WORK INSTRUCTIONS — Word for word, restate the lines of the listing below from the line with "לפי הנתונים, במהלך" through the line with "近日,中國科學研究院行業(y", and do not include the pictures.

MATERIAL TO PROCESS —
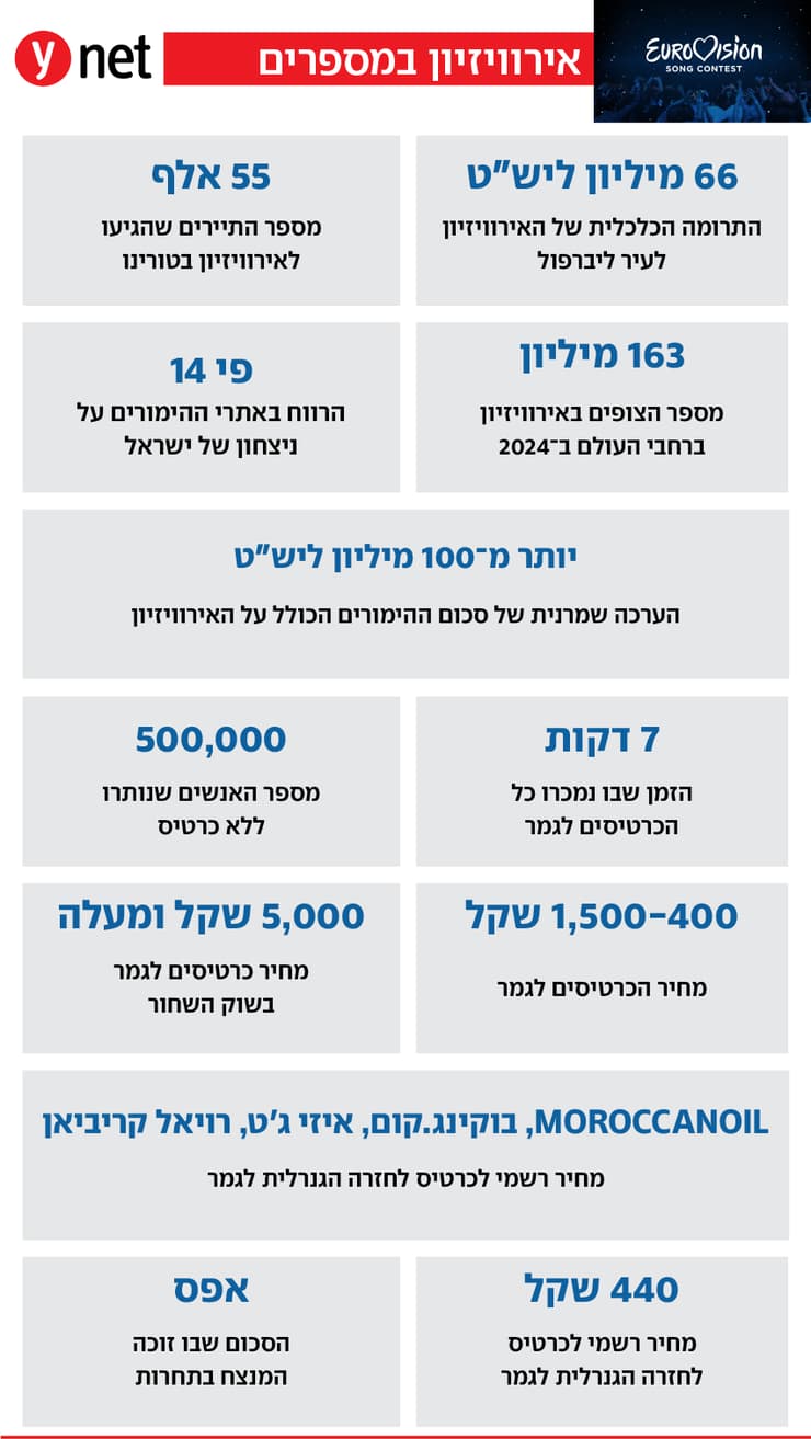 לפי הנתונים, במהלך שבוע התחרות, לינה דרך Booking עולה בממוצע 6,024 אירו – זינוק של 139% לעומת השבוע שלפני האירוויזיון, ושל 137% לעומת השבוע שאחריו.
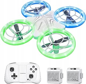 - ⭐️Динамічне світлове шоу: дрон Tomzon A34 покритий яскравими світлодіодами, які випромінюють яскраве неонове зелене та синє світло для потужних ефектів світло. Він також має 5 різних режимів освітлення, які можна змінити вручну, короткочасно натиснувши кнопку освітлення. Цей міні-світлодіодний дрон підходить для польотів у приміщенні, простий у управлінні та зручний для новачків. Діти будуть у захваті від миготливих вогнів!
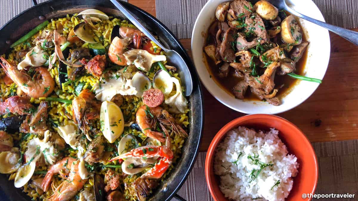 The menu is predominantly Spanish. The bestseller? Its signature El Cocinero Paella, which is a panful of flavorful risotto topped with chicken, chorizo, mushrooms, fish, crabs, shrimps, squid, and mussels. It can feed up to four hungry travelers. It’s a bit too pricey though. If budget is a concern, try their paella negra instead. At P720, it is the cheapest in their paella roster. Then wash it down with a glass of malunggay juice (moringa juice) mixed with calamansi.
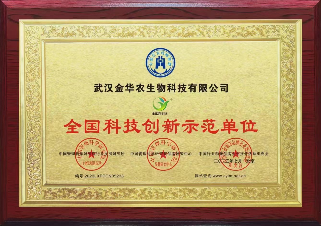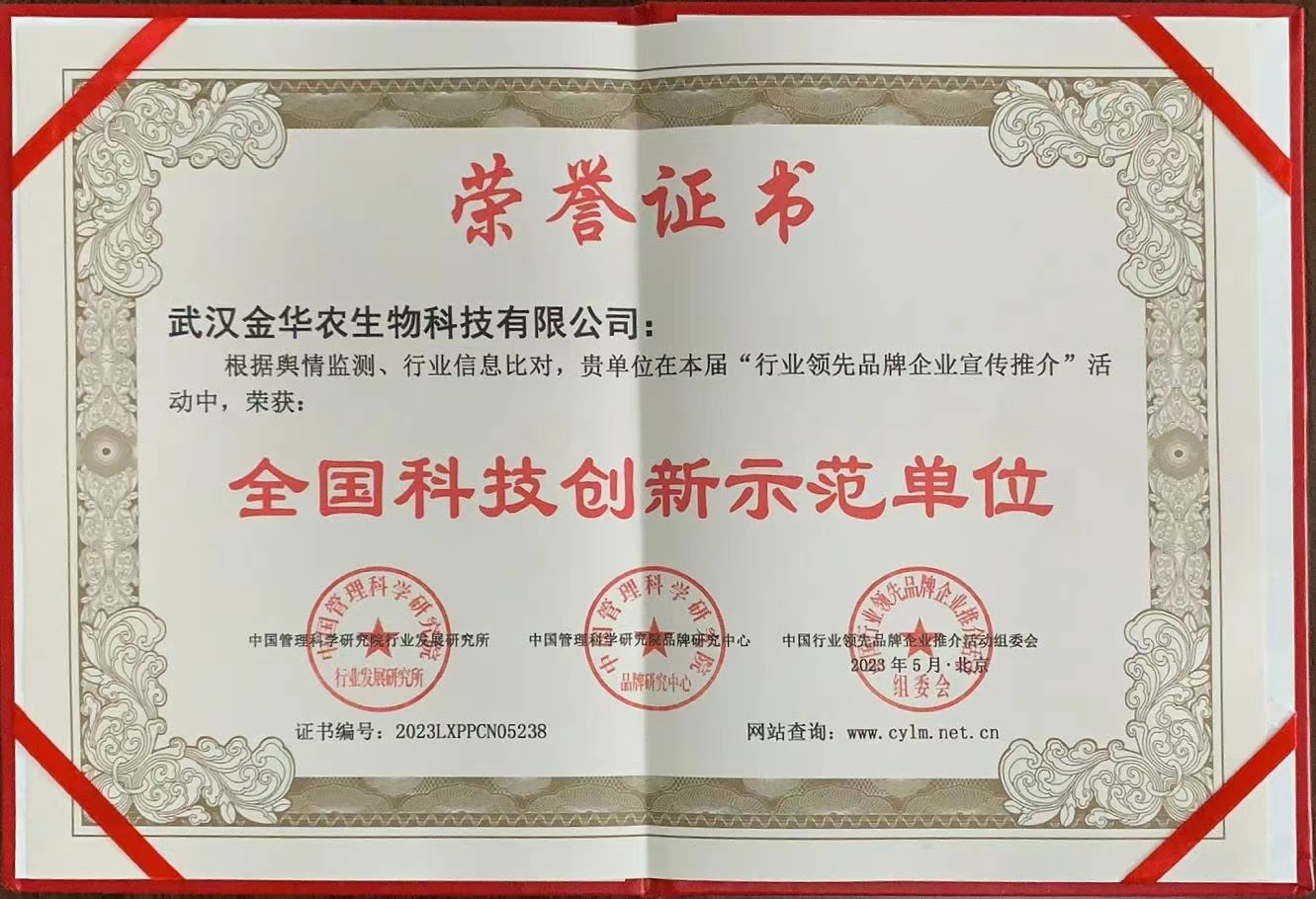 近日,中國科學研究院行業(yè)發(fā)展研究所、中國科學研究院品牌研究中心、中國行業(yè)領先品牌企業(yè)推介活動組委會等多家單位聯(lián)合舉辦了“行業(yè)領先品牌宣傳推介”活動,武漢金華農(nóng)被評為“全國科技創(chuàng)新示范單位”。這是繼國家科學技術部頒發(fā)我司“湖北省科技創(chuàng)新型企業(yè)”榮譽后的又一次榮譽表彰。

* * *

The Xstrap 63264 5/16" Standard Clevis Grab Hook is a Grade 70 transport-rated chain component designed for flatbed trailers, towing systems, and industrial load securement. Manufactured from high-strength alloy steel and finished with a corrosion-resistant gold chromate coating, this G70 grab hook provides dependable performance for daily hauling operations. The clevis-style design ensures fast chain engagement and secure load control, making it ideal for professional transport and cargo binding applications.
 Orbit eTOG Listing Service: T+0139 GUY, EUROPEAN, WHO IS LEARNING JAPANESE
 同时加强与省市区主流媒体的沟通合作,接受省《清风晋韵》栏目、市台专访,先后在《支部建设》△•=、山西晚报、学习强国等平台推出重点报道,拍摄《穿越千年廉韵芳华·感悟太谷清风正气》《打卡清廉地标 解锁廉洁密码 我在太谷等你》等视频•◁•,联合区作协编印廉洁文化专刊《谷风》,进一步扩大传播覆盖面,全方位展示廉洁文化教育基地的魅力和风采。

OUTPUT FOR THIS TASK —
 לפי הנתונים, במהלך שבוע התחרות, לינה דרך Booking עולה בממוצע 6,024 אירו – זינוק של 139% לעומת השבוע שלפני האירוויזיון, ושל 137% לעומת השבוע שאחריו.
 - ⭐️Динамічне світлове шоу: дрон Tomzon A34 покритий яскравими світлодіодами, які випромінюють яскраве неонове зелене та синє світло для потужних ефектів світло. Він також має 5 різних режимів освітлення, які можна змінити вручну, короткочасно натиснувши кнопку освітлення. Цей міні-світлодіодний дрон підходить для польотів у приміщенні, простий у управлінні та зручний для новачків. Діти будуть у захваті від миготливих вогнів!
 The menu is predominantly Spanish. The bestseller? Its signature El Cocinero Paella, which is a panful of flavorful risotto topped with chicken, chorizo, mushrooms, fish, crabs, shrimps, squid, and mussels. It can feed up to four hungry travelers. It’s a bit too pricey though. If budget is a concern, try their paella negra instead. At P720, it is the cheapest in their paella roster. Then wash it down with a glass of malunggay juice (moringa juice) mixed with calamansi.
 近日,中國科學研究院行業(yè)發(fā)展研究所、中國科學研究院品牌研究中心、中國行業(yè)領先品牌企業(yè)推介活動組委會等多家單位聯(lián)合舉辦了“行業(yè)領先品牌宣傳推介”活動,武漢金華農(nóng)被評為“全國科技創(chuàng)新示范單位”。這是繼國家科學技術部頒發(fā)我司“湖北省科技創(chuàng)新型企業(yè)”榮譽后的又一次榮譽表彰。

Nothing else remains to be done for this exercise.